Aan de Voorzitter van de Tweede Kamer der Staten-Generaal

Den Haag, 7 maart 2012

Met uw brief van 31 januari 2012 verzoekt u mij te reageren op een aan u gericht memo van het Vespucci College van 4 januari 2012. Graag voldoe ik hierbij aan uw verzoek.
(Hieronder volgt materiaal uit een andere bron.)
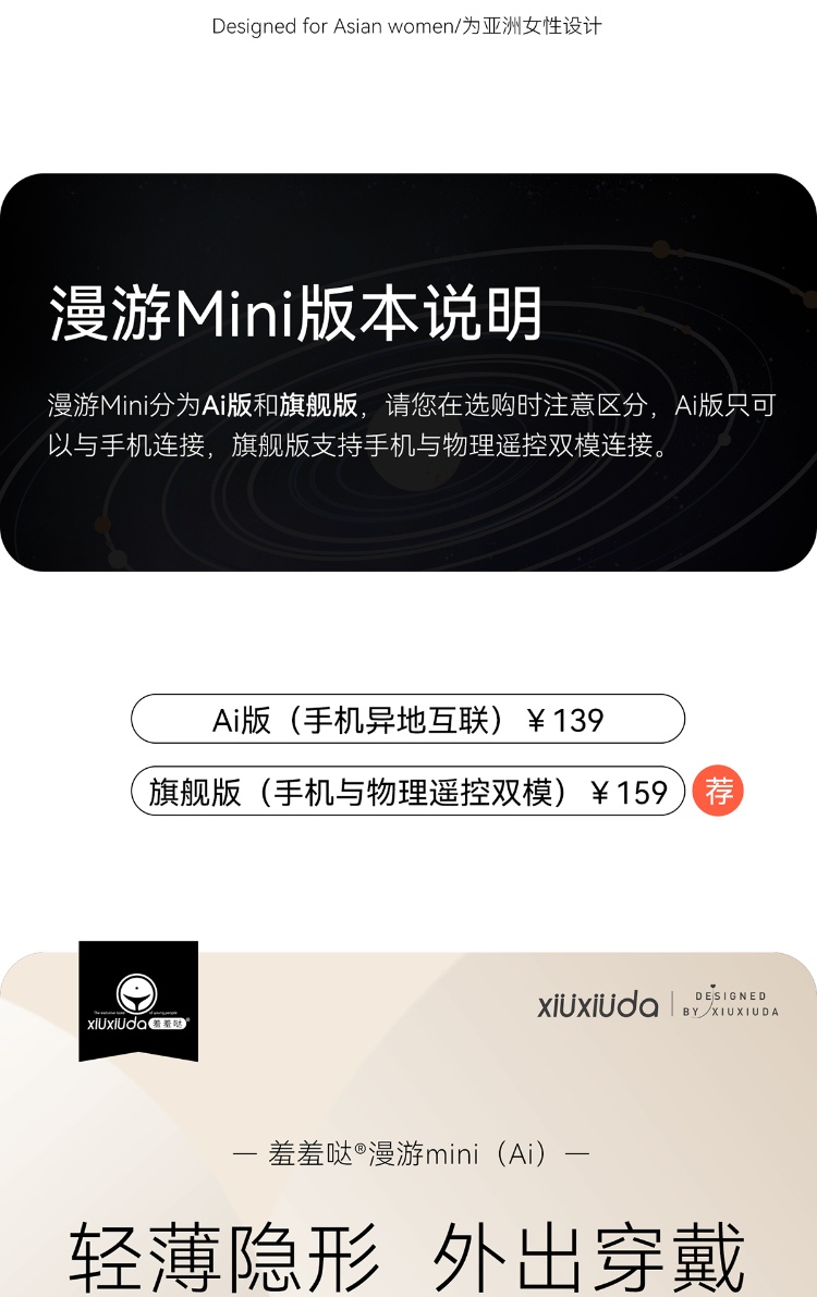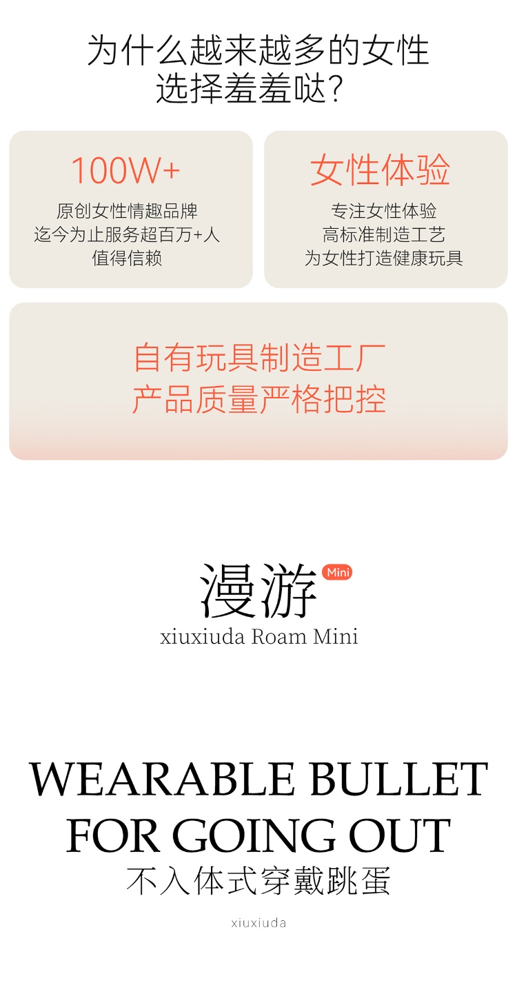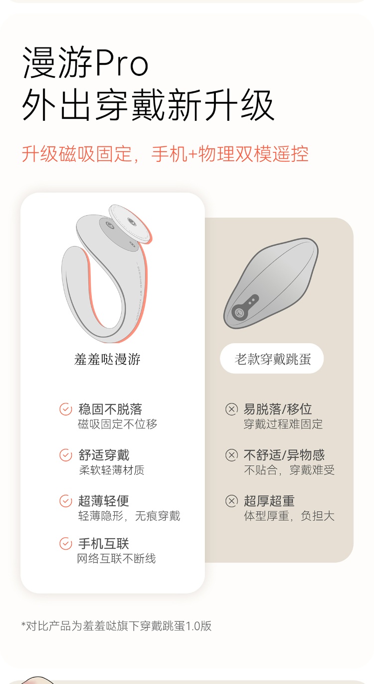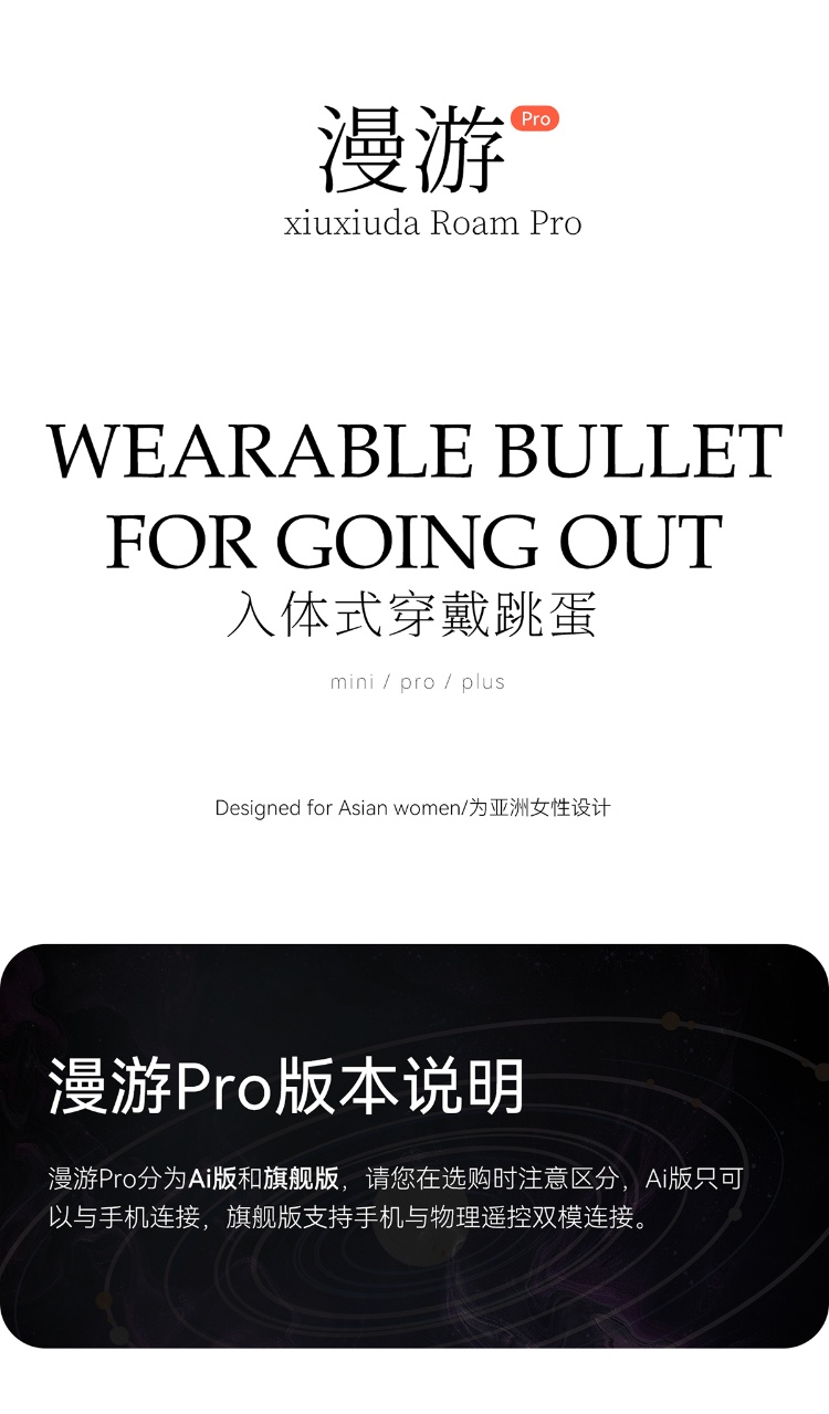 羞羞哒漫游旗舰版 mini/PRO 的核心卖点围绕 “AI 远程双控 + 穿戴隐形 + 恒温加热 + 双形态适配 + 私密安全”,mini 主打新手 / 体外穿戴,PRO 适配进阶 / 内外双刺激,旗舰版双控更便捷。

In de afgelopen jaren is met uw Kamer meerdere malen gesproken en gecorrespondeerd over de examenproblematiek van het Vespucci College op Curaçao. Dit heeft geleid tot een advies aanvraag aan de Raad van State. Het advies heb ik uw Kamer bij brief van 1 februari 2012, kenmerk 375283, doen toekomen. Ook de Raad van State komt tot de conclusie dat de wens van het Vespucci College alleen kan worden geregeld door middel van een Rijkswet met de landen Curaçao, Aruba en St. Maarten. Op 2 februari 2012 is het bestuur van het Vespucci College hierover uitvoerig geïnformeerd. In het algemeen overleg van 6 februari 2012 heb ik vervolgens aangegeven dat het dossier wat mij betreft nu gesloten is.

Tot slot wijs ik er op dat het memo van 4 januari 2012 enkele onjuistheden bevat. In maart 2008 heb ik ingestemd met een tijdelijke afname door de staatsexamencommissie VO op Curaçao. Het was het bestuur bekend dat dit vanaf 2011 niet meer zou plaatsvinden en dat de leerlingen vanaf dat moment alleen nog op Bonaire deel konden nemen aan staatsexamens VO. Op verzoek is de overgangsregeling nog met één jaar verlengd.

Het verlengen van de overgangsregeling tot en met 2012 is besproken met het ministerie van Defensie en Binnenlandse Zaken en Koninkrijksrelaties. Deze departementen hebben ingestemd met de geboden voorzieningen voor de Vespucci-leerlingen.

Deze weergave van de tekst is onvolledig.